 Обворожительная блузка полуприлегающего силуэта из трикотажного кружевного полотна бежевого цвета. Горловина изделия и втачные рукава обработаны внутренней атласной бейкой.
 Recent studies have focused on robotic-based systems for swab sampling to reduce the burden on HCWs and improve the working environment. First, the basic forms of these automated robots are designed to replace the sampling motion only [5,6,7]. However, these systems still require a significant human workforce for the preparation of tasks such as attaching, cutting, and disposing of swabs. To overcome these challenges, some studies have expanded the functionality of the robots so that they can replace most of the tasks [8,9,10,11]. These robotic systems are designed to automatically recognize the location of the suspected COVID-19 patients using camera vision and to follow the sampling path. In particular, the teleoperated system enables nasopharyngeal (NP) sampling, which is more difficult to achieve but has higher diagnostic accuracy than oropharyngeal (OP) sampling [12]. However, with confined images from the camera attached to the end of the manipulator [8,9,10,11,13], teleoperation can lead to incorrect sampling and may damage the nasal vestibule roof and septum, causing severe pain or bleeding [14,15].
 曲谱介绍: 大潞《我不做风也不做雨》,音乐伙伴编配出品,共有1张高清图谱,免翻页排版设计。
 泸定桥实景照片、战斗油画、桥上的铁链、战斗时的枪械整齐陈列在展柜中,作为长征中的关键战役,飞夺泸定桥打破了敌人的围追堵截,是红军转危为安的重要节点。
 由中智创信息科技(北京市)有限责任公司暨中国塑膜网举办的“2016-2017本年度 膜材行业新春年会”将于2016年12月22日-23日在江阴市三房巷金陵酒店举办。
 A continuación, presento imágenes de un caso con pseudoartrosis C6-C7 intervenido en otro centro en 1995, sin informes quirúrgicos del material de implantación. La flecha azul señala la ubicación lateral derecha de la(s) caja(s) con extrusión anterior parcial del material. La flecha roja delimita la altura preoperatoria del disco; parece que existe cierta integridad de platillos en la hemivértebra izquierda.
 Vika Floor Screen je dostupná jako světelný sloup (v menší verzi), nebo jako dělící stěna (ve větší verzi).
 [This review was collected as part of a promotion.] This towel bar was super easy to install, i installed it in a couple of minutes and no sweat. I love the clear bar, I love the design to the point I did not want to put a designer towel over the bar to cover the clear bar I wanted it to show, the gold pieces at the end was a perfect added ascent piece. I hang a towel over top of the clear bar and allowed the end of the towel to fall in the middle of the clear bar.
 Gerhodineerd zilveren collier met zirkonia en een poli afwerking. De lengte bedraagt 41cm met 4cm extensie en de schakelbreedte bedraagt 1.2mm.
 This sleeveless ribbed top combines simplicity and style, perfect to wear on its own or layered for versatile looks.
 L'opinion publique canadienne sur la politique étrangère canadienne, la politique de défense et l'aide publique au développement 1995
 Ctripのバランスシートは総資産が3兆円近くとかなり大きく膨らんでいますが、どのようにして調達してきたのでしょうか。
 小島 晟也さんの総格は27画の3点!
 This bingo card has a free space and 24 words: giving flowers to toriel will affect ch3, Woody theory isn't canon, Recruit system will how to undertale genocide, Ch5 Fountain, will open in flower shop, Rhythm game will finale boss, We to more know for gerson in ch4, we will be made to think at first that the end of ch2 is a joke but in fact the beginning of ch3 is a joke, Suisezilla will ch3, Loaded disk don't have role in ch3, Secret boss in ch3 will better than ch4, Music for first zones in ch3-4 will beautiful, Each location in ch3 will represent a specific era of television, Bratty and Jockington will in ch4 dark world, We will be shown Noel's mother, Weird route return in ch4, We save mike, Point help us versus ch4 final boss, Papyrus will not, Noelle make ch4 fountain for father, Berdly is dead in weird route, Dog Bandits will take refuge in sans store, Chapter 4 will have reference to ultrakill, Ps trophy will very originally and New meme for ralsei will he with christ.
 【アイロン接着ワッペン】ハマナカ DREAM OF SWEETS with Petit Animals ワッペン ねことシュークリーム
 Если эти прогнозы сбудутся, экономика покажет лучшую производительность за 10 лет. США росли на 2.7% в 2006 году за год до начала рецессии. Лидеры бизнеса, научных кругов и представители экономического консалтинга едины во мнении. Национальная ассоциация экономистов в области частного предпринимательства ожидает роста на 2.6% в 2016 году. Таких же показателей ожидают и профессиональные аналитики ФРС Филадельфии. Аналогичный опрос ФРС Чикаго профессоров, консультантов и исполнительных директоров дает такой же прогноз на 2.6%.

### ACTIVITY
Reproduce exactly the section above that begins at the line containing "L'opinion publique canadienne" and ends at the line containing "小島 晟也さんの総格は27画の3点!", leaving out all other lines.

### PROBLEM SOLUTION
 L'opinion publique canadienne sur la politique étrangère canadienne, la politique de défense et l'aide publique au développement 1995
 Ctripのバランスシートは総資産が3兆円近くとかなり大きく膨らんでいますが、どのようにして調達してきたのでしょうか。
 小島 晟也さんの総格は27画の3点!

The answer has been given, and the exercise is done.